Showing posts with label Miami. Show all posts
Showing posts with label Miami. Show all posts

Sunday, July 25, 2010

County's Adopt-a-Tree program is a blooming success

Crowds come and go at the tree give-away
This tree give-away program rocks! And kudos to Miami-Dade's Department of Environmental Resource Management for setting it up some 10-plus years ago. It's given away hundreds of thousands of shade trees -- flowering, fruit, natives -- to home owners who are entitled to up to two trees per year.

It started after a survey indicated that Dade's tree canopy was a horribly low 10 percent. And then the citrus canker fiasco began and some half million backyard citrus trees were cut down by the state in order to protect the commercial citrus industry. Fail.

So DERM applied for canopy restoration grants, and the rest is history.



After we complete the paperwork, we stand in line in the hot, hot sun, waiting our turn. (I've done this enough times to be prepared with hat and long sleeves.)


We watch the trees being unloaded from one of the huge tractor trailers, which collect the trees from local nurseries contracted to grow them for the county. (The program is a boon to nurseries, too.)


Finally! It's my turn. But I arrived late for today's event (one of four, this year). By the time I got to the head of the line, only pigeon plum (Coccoloba diversifolia) was left, which is way too big for my yard. I sneaked back around to the education center where, hooray, there were three native Dahoon holllies (Ilex cassine)  -- the trees I had wanted -- on display. Dahoon holly is dioecious and I managed to get the only female, showing small green berries. So, I came away a happy camper. I will claim another tree at the next event.


And here's my holly, home and waiting to go in the ground.

Sunday, July 11, 2010

Old Miami

This is what much of South Florida, east of the Everglades, looked like until the post WWII building boom began the destruction. The "pine rocklands"
are unique to Miami-Dade County, parts of the Keys and a few Bahamian islands. Of the 225 species of native plants that grow on them in Dade, 20 percent can be found nowhere else, and their survival is far from guaranteed.

The understory palm, growing beneath the pines, is the low growing saw palmetto (Serenoa repens), used in several natural remedies, especially for prostate health.  It has nasty little spines along the petiole, hence the "saw" in the common name.


I bicycled over to this area with Sparky recently, but it's fenced off, which, while keeping people (and dogs) out, doesn't prevent invasive, non-native plants from taking root. Still, it didn't look too bad, so I guess the county is taking care of it. This particular site is only a few acres and, you guessed it, a new development is going up next door, although it seems to be stalled for the moment. (One of the few benefits of the recession?)

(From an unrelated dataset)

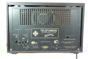 In den Jahren 1951/1952 hat Telefunken dieses klassische Tischmodell "Kurier 52" gebaut. Eine Besonderheit ist der Drehknopf auf der rechten Seitenwand, mit dem die Wellenbereiche UKW/KW/MW/LW und der Plattenspieler angesteuert werden. Die beiden Drehköpfe auf der Vorderseite stehen für Ein/Aus, Laut und Leise (links) und die Sendereinstellung (rechts) Auf der Rückseite sind Anschlüsse für einen Plattenspieler, ext. Lautsprecher sowie eine Antenne & Erdung vorgesehen.
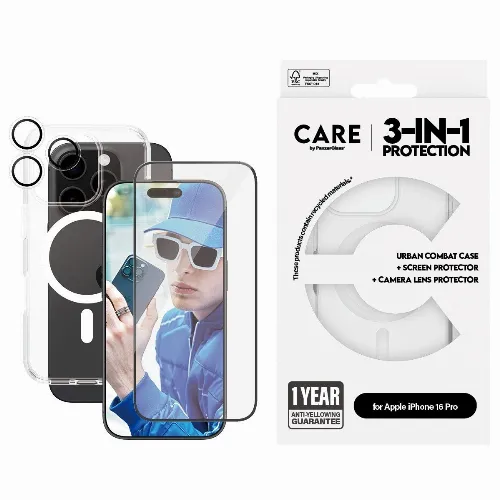 CARE by PanzerGlass - Lippulaiva 3-in-1 -paketti - iPhone 16 Pro

Many years ago, I was listening to Car Talk on National Public Radio, and someone from Pembroke Pines, a municipality in Broward County, just north of Miami-Dade, called in with a question. The Car Guys decided that pine trees couldn't possibly grow in a climate like this. Ha! Actually, these are a subspecies of  the southern slash pine, generally known as Dade County pine (Pinus elliottii var. densa).

They are very slow growing, which results in a dense, resin-filled wood that's resistant to termites. No wonder so much was cut down; every house built through the 50s had floors made of it. Fortunately, when old houses are being torn down, much of that precious wood is now being recycled.

The last photo is of a similar habitat, but this was taken in the National Key Deer Refuge on Big Pine Key. It gives the impression of being hot and dry, but this was a September afternoon, and it was hot and humid and the skeeters were out in full force.

Wednesday, April 28, 2010

Bird dialects

While I was in Atlanta, I read a New York Times story about birding apps for iPhones and the like. (Until I get another job, I can't afford an iPhone but I'm lusting after one.) The article says that developing an app that identifies birdsong is problematic because birds have regional "dialects."

That was a coincidence because I'd been listening to the breeding song of the cardinals in Atlanta and it was noticeably different from those in Miami, 700 miles to the south. The song in Miami has a higher pitch and is faster.

Has anyone else noticed the same thing with cardinals or other birds?